The table shows the results for the first observer (similar results were obtained for the second observer). Sensitivity of absent axillary moisture in detecting dehydration (percentage of dehydrated subjects without sweating) was 50% (10/20), and the positive predictive value (percentage without sweating who were dehydrated) was 45% (10/22). Specificity (percentage of non-dehydrated subjects with sweating) was 82% (54/66), and the negative predictive value (percentage with sweating who were not dehydrated) was 84% (54/64).
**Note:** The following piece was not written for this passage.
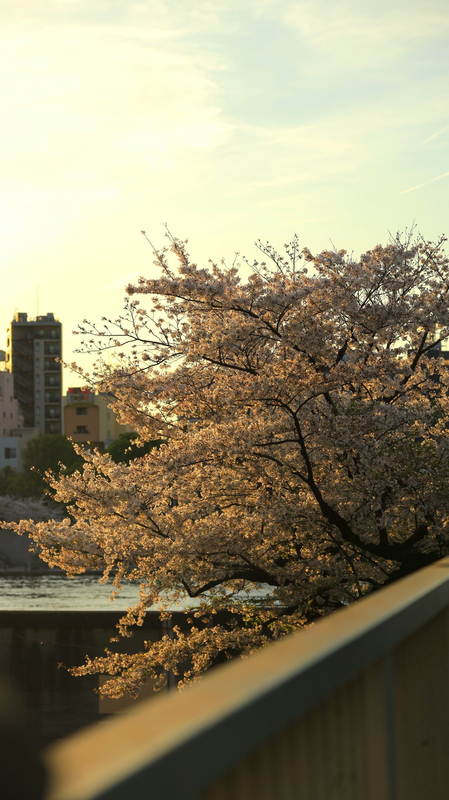 この写真は、隅田川(さくらまつり)で、橋の上から満開のソメイヨシノが夕日に照らされる様子と遠くの街並みを一緒に捉え、都会的な春の夕景を撮影したものです。

Correlation between axillary moisture and hydration

View this table:

Comment

Axillary sweating is a reproducible and reliable sign of hydration in ill elderly patients with a high negative predictive value and moderate positive predictive value. Overall, 26% of patients were dehydrated but among patients without sweating prevalence of dehydration was 45%.

Interobserver variation may have been increased because some subjects were assessed over a short time and the tissue paper could have dried the axilla before grading. Biochemical classification of hydration is crucial. We used established strict criteria,4 which may have classed some mildly dehydrated patients as not dehydrated, reducing the predictive value of the sign.

Despite the possible confounding effects of autonomic impairment we included patients with diabetes as this is common among old people in hospital. Predictive values in patients without diabetes were almost identical to the overall results.

The study was conducted as part of the Manchester Medical School fifth year options course.